Una perspectiva del Centro de Quito a través del gran ventanal de la sala principal de la casa de Guido Díaz.
Como dice el argot popular, en el mundo de la arquitectura y el diseño quiteños Guido Díaz Navarrete es más conocido que el pan. De ese pan que tanto le gusta y que es infaltable en sus desayunos y cenas cotidianas.
Profesor jubilado en la Facultad de Arquitectura de la Universidad Central (FAU), ex director del exFonsal (hoy Instituto Metropolitana de Patrimonio, IMP) de Quito, prestigioso arquitecto restaurador reconocido por su talento por sus propios colegas, maduro escritor de cuentos y novelas de buen corte, este quiteño nacido y destetado en el quiteñísimo barrio de San Diego hace 70 años siempre quiso tener una vivienda que reflejara sus concepciones y gustos.
Uno de esos gustos le es entrañable y no lo cambiaría por nada: ama el Centro Histórico de Quito. En el perímetro de sus 340 manzanas vive, trabaja y desarrolla la mayor parte de sus actividades extracurriculares. Esa pasión por el Centro ha sido la causante de sus grandes éxitos y de sus escasos fracasos. “Con decir que fue una de las causas para la separación de mi primera mujer, a la que nunca le gustó el sitio”.
Díaz en uno de los rincones que más le gustan: su estudio, que se asoma al jardincito de chifleras. Foto: Armando Prado/ Construir.
Por esa razón, cuenta con ese vozarrón que refleja su personalidad, buscó un terreno para levantar su casa con ‘palo de romero’, como dicen los quiteños. Al final lo encontró colgado de la ladera occidental del cerro Itchimbía y en otra de las barriadas que más le atrae: La Tola.
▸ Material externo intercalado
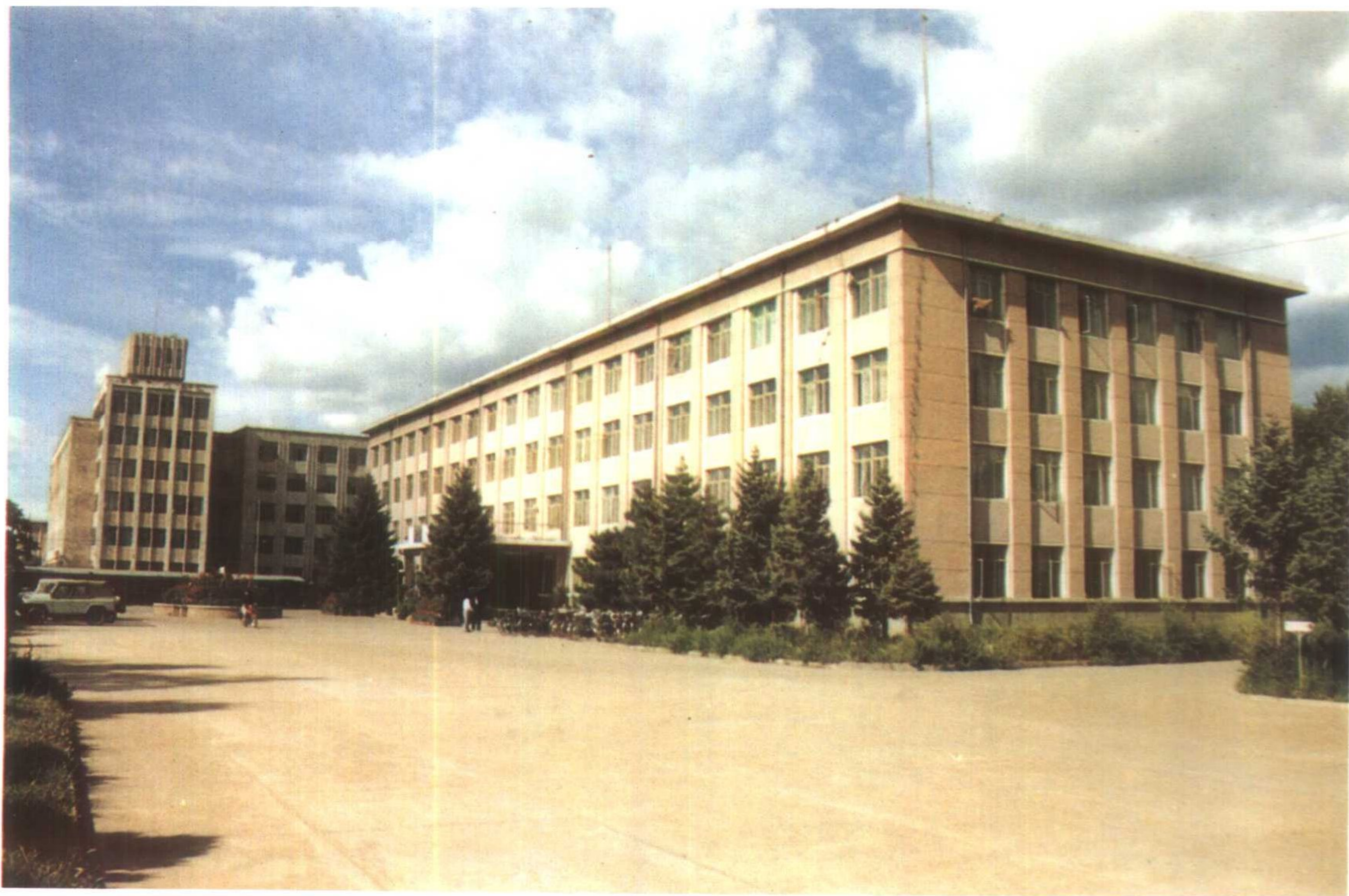
中共兴安盟委办公楼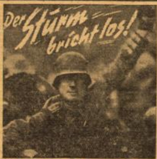
Der gewaltige Kriegstontofilm der Westfront Authentische Aufnahmen aus deutschen und französischen Archiven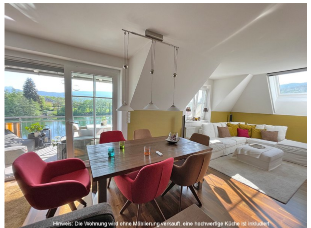
Hinweis: Die Wohnung wird ohne Möblierung verkauft, eine hochwertige Küche ist inkludiert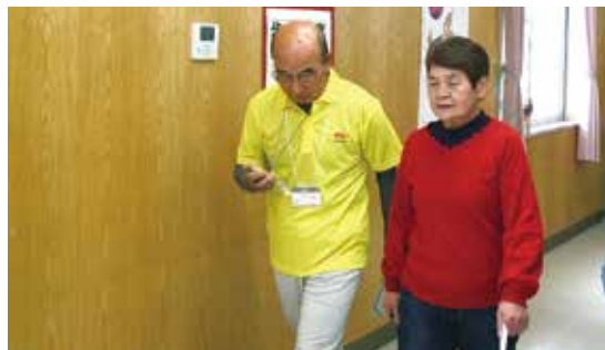
真剣な面持ちで「歩行速度」の測定

張りどき、のなかで自分はこのレベルに位置するのか、真剣にグラフと照らし合わせていました。嬉しそ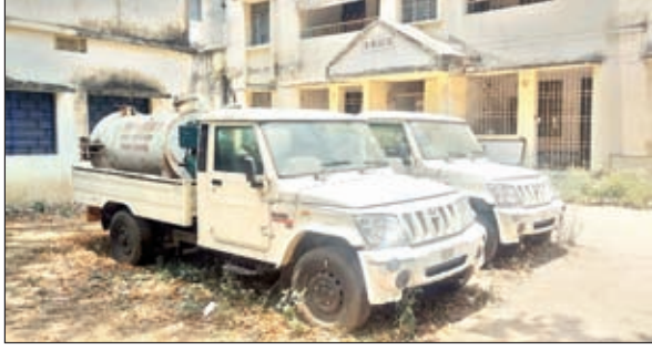
ब्लॉक कैम्प में खड़ा वाहन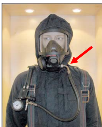
Slang med vinklad koppling

Andnings slangen som går från manöverenheten har vid masken haft en vinklad koppling. Från juni 2008 kommer den att ersättas av en slang med rak koppling. Den raka kopplingen ger bättre följsamhet vid huvudvridningar.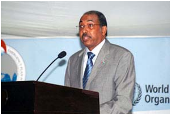
Michel Sidibé, Direktur Eksekutif UNAIDS

Pernyataan Swiss segera dihadapkan pada perdebatan, dengan pertanyaan mengenai keandalan kesimpulan yang diajukan oleh kelompok advokasi HIV/AIDS. Keprihatinan berpusat pada kenyataan bahwa penelitian itu hanya didasarkan pada pasangan heteroseksual dan oleh karenanya lalai untuk melibatkan seks dubur. UNAIDS dan WHO segera mengeluarkan pernyataan yang menegaskan bahwa penggunaan kondom secara konsisten tetap merupakan cara perlindungan teraman terhadap HIV.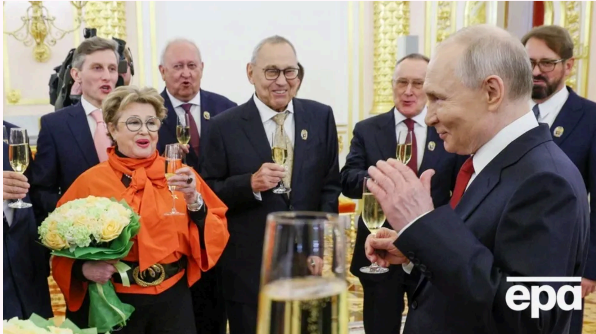
Позуючи після нагородження, актриса схопила Путіна за мізинець

14 червня, 00:34 Цей матеріал також можна прочитати на руськом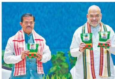
Union Home Minister and Minister of Cooperation Amit Shah, with Union Minister of State B. V. Verma, launches Bharat Organics products during the National Symposium on Promoting Organic Products through Cooperatives organised by National Cooperative Organics Limited (NCOL), in New Delhi on Wednesday

and related institutions across the country. It is hoped that with access to national and international markets under a strong brand, the members will get better returns for their organic produce. According to the data, the total size of the world organic food market in 2020 was around ₹10 lakh crore, of which India's organic product exports accounted for a meagre ₹7,000 crore. Currently, the certified Indian organic product retail sales market is around ₹27,000 crore, and it is expected to reach ₹1 lakh crore in the next five years. Therefore, the Government wants to ensure that the benefits of this growth reach farmers. Addressing the 'National Symposium on Promotion of Organic Products through Cooperatives' here, Shah said that under the 'Bharat Organics' brand, 20 more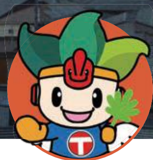
ちくうじん 地空人くん

早朝、役場庁舎屋上から望む日の出です。 冷たく澄んだ空気の中、朝日が本町をあたたかく照らしました。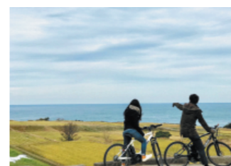
eバイクを活用した 新たな観光振興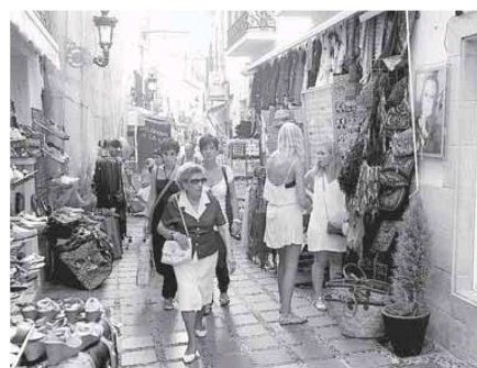
Vista de una calle comercial en el centro de Marbella.

Alegria, satisfacción, pero también miedo es lo que sienten los que, cada vez más, deciden autoemplearse y competir contra las grandes superficies con un negocio tradicional que nunca imaginaron pero que supone su tabla de salvación.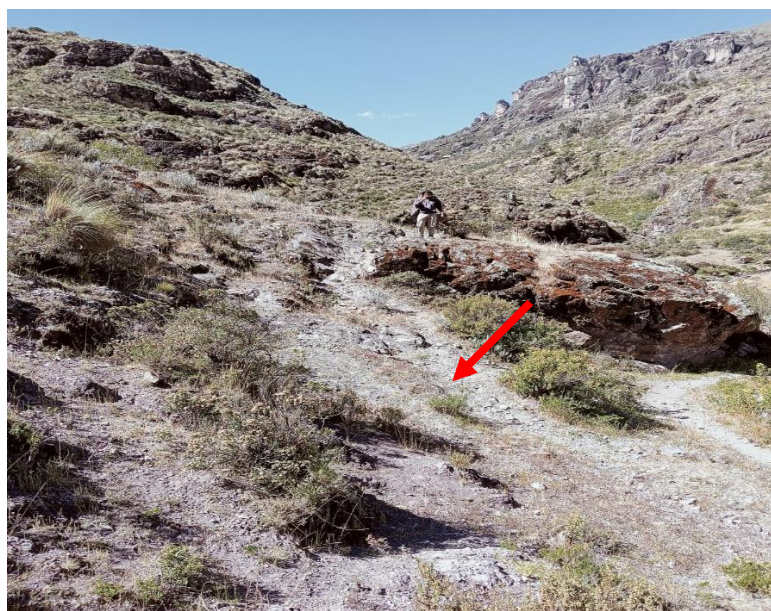
Foto N° 03.- La falta de una trocha carrozable, hace muy largas las horas de viaje hacia los centros poblados.

La inexistencia de obras de drenaje y las intensas lluvias que se presentan en estas comunidades generan, la inexistencia de cunetas generaron grietas, en zonas rocosas la plataforma fue obstruida de modo que debe realizarse nuevos cortes para garantizar el ancho mínimo, por ello debe hacerse nuevos cortes debido a las características de la roca, en la que la presencia de la arcilla es muy relativamente abundante, se requiere el corte de talud a nivel de sub rasante, como consecuencia a falta de un mantenimiento de esta superficie, los transeúntes dejaron de transitar por estos lugares, siendo los pobladores de estas comunidades los más afectados, porque ellos tienen que recorrer largas caminatas.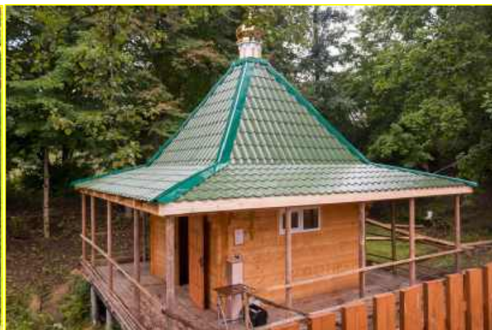
Фото 9. Купель

Allí, limitando con la vereda occidental de la calle Valparaíso adquirió un pequeño lote de no más de 200 m², que se resbala hacia la calle Ríos con una pendiente importante.
Entonces se dio a la tarea de construir su vivienda con la morosidad más propia de un arqueólogo que de un arquitecto… aunque la arqueología también le mueve el piso, como muestra esa fantástica mesa central hecha de una vieja ventana quiteña en cuyo tablero se exhibe una primorosa colección de vasijas de la cultura Bahía, que recibió en pago por un proyecto realizado para un amigo.
La primera piedra fue colocada hace 20 años, rememora Florencia González, su cónyuge desde ese tiempo. Y empezó con el primero de los cuatro niveles de los 300 m² que conforma la vivienda actual. Luego se fueron aumentando pisos y estancias, según crecían las necesidades familiares, explica Florencia.
Un corte de su sala principal donde se ve parte del mobiliario y los cuadros que la adornan. Foto: Armando Prado/ Construir.
La concepción arquitectónica tuvo dos determinantes de diseño: la gran vista de la ciudad y la amplitud y luminosidad interiores. Eso explica los grandes ventanales que se abren hacia el occidente y permiten un gran paneo de la parte vieja de la ciudad, de El Panecillo y de las faldas del Pichincha, entre otros rincones.
El otro determinante, explica Díaz, fue el aprovechamiento de la luz interior que permitió, por ejemplo, incorporar un ‘pedazo de la ladera’ junto a la sala de lectura-estudio y la sala principal. Este rincón vegetal tiene doble altura, la cubierta abierta y permite el crecimiento de varias chifleras machos sembradas en, asimismo, enormes macetas.
“La primera plantita me regaló el pintor Nicolás Strogonov, quien vivía al frente y vio que nos faltaba algo para empezar la decoración interior. Las chifleras machos tienen la característica que no se abren mucho horizontalmente y solo crecen para arriba”.
El comedor es amplio e incluye dos mesas: la de comedor propiamente dicha y una redonda multifunción. Foto: Armando Prado/ Construir.
Decoración interior. Este componente lo resolvió Díaz echando mano de sus gustos por la madera, con la que trabaja casi en el día a día en su tarea reconstructora. La madera, en la casa de Díaz, está en todas partes, desde en las puertas exteriores hasta en el mobiliario de su estudio, la sala, el comedor, las escaleras, las pérgolas. Casi toda con su veta natural o lacada con gusto y en correspondencia con el color de las paredes. En estas, Díaz privilegió los colores propios de la tierra: terracotas, verdes oscuros, pasteles; que refuercen el concepto telúrico que tiene la casa.
La ladera del Itchimbía y otras como las de San Juan, La Magdalena o Rumipamba tienen fuerza histórica porque en ellas era donde se ubicaban las poblaciones preincaicas e incaicas. El centro estaba dedicado, principalmente, para las actividades ceremoniales y agrícolas, explica Díaz dejando que fluya su conocimiento ancestral. Y hay que creerle.